- YOUR OBJECTIVE:
Please restate the data that follows word for word, with the pictures left out.

- EXERCISE DATA:
'''

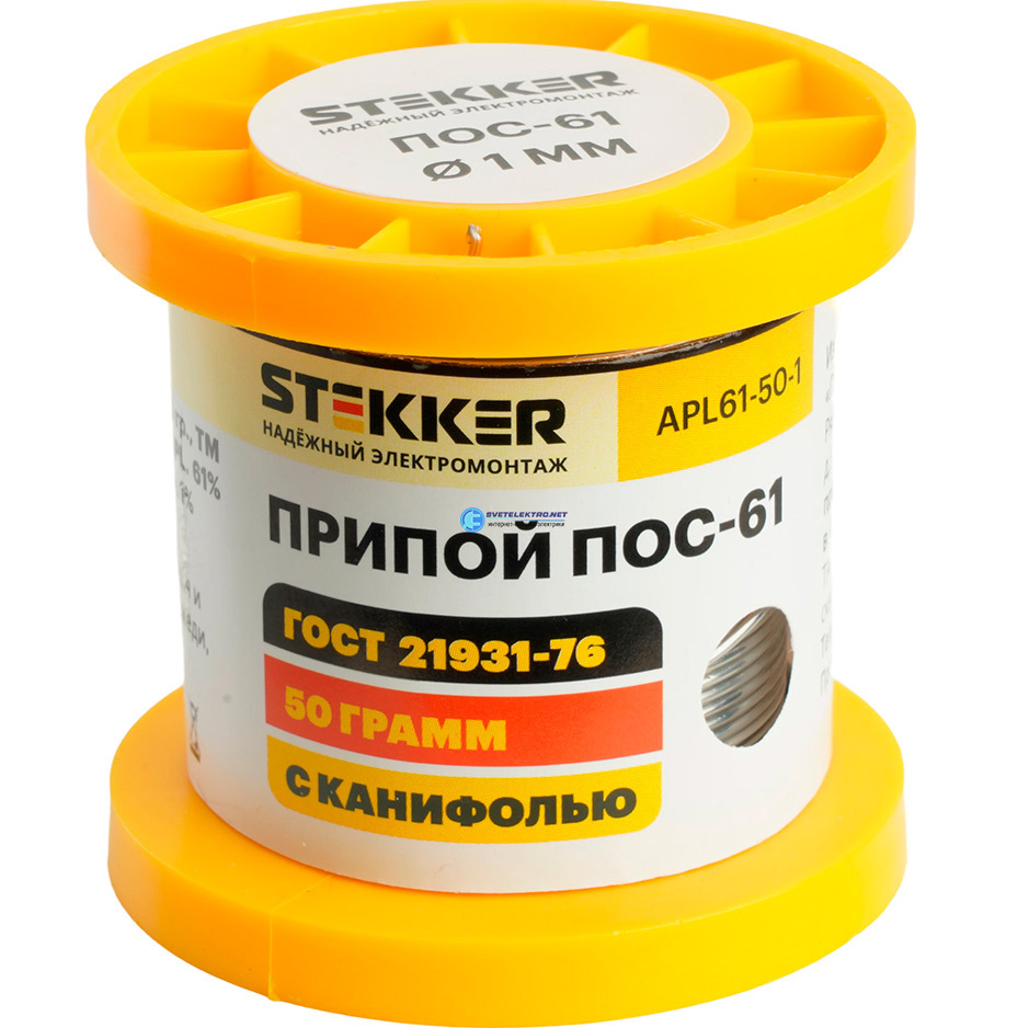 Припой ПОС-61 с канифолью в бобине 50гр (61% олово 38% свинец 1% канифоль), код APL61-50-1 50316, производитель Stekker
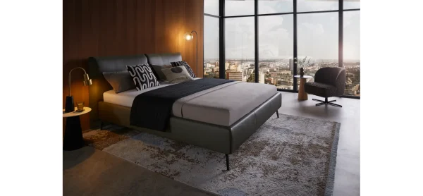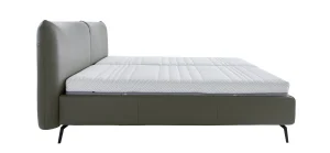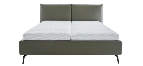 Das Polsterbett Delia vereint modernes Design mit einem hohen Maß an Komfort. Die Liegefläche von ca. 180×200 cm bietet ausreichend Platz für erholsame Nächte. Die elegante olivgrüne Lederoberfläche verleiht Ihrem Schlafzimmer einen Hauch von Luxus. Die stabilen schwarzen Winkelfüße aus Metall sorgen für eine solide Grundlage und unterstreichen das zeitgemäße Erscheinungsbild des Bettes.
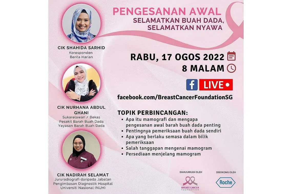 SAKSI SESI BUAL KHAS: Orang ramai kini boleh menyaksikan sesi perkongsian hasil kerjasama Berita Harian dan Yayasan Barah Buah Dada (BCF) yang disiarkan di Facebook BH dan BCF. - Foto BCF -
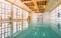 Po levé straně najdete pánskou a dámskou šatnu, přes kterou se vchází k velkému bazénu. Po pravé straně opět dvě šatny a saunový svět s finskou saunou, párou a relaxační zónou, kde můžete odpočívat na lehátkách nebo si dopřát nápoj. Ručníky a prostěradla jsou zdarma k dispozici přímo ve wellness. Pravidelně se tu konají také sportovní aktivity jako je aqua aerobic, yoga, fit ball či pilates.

'''

- TASK OUTPUT:
 Припой ПОС-61 с канифолью в бобине 50гр (61% олово 38% свинец 1% канифоль), код APL61-50-1 50316, производитель Stekker
 Das Polsterbett Delia vereint modernes Design mit einem hohen Maß an Komfort. Die Liegefläche von ca. 180×200 cm bietet ausreichend Platz für erholsame Nächte. Die elegante olivgrüne Lederoberfläche verleiht Ihrem Schlafzimmer einen Hauch von Luxus. Die stabilen schwarzen Winkelfüße aus Metall sorgen für eine solide Grundlage und unterstreichen das zeitgemäße Erscheinungsbild des Bettes.
 SAKSI SESI BUAL KHAS: Orang ramai kini boleh menyaksikan sesi perkongsian hasil kerjasama Berita Harian dan Yayasan Barah Buah Dada (BCF) yang disiarkan di Facebook BH dan BCF. - Foto BCF -
 Po levé straně najdete pánskou a dámskou šatnu, přes kterou se vchází k velkému bazénu. Po pravé straně opět dvě šatny a saunový svět s finskou saunou, párou a relaxační zónou, kde můžete odpočívat na lehátkách nebo si dopřát nápoj. Ručníky a prostěradla jsou zdarma k dispozici přímo ve wellness. Pravidelně se tu konají také sportovní aktivity jako je aqua aerobic, yoga, fit ball či pilates.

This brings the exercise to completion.